While at first, this avalanche of images is overwhelming, it provides a very honest and direct record of exactly what Australia looked like at the time, 1973-1975. These images are in the collection of The Australian National Gallery in Canberra and are an important part of our Photographic history, a unique record.

When I first met Wesley in 1979, he had moved to a piece of land near Bermagui on the NSW South Coast.

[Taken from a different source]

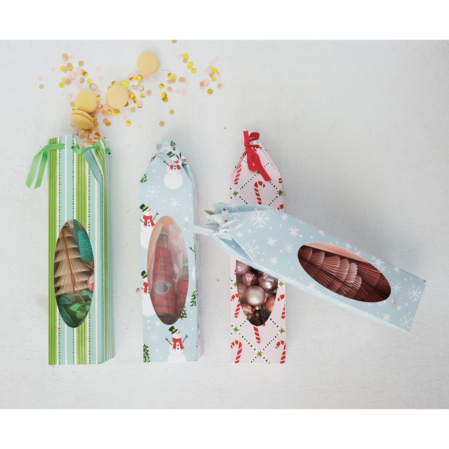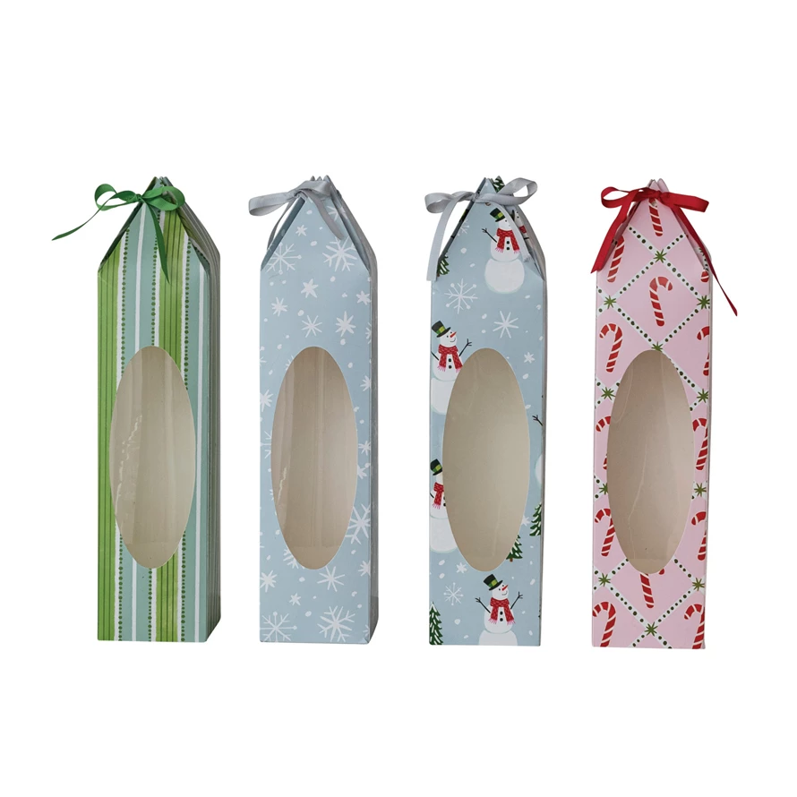 Catalog Name: 3-1/2" Square x 15"H Handmade Printed Recycled Paper Wine/Gift Box w/ Holiday Pattern, Acetate Window & Ribbon Ties, Multi Color, 4 Styles ©
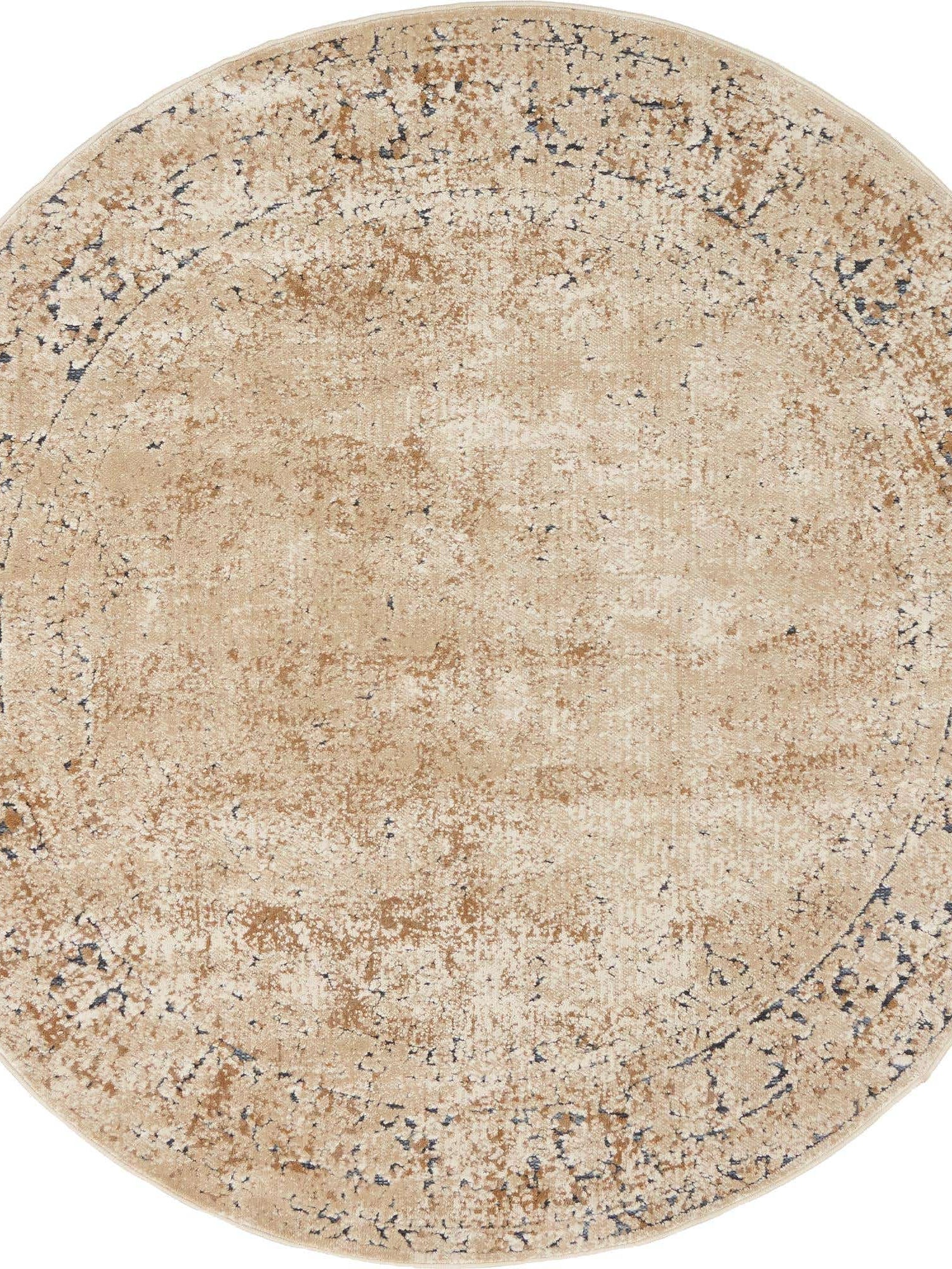Beige 4' 1 x 4' 1 Chateau Round Area Rug 85% Polypropylene & 15% Chenille With Cotton Backing Traditional Vintage Distressed Carpet for Classical Interior Design Decorating

He had been working in collaboration with the Aboriginal community at Wallaga Lake and Yuin Elder ‘Guboo’ Ted Thomas, to protest against the destruction of forest on Mumbulla Mountain(Biamanga) and protect sacred sites in that area.

I visited Wallaga Lake and photographed ‘Guboo’ Ted Thomas at Mumbulla Mountain for a story on the protests for The Canberra Times, where I worked as a Photographer at the time.

Together Ted, Wesley and others mounted a successful campaign that led to the NSW Government in 1980 declaring the area of around 7,540 ha (18.600 acres) as an ‘Aboriginal Place’ and a ‘Protected Archeological Area’ under the National Parks and Wildlife Act 1974.

Biamanga has been jointly managed by the traditional owners and The National Parks and Wildlife Service since 2006. The title to the land is owned by two Local Aboriginal Land Councils and leased back to the NSW Government for use as a National Park’ in a similar arrangement to that of Mutawintji National Park. Wesley Stacey continued to live in a bush camp at ‘Thubbul’, south of Bermagui, using that as a base to continue photographing landscapes across Australia, until he died in February 2023.

At his burial in Burmagui Cemetary, representatives of the Wallaga Lake community “welcomed him to their soil as a brother” and ‘Guboo” Ted Thomas’s daughter sang a beautiful and sad song in the Dhurga language of The Yuin Nation. 

Wilcannia News April 2023

This article appeared in the Wilcannia News, April 2023.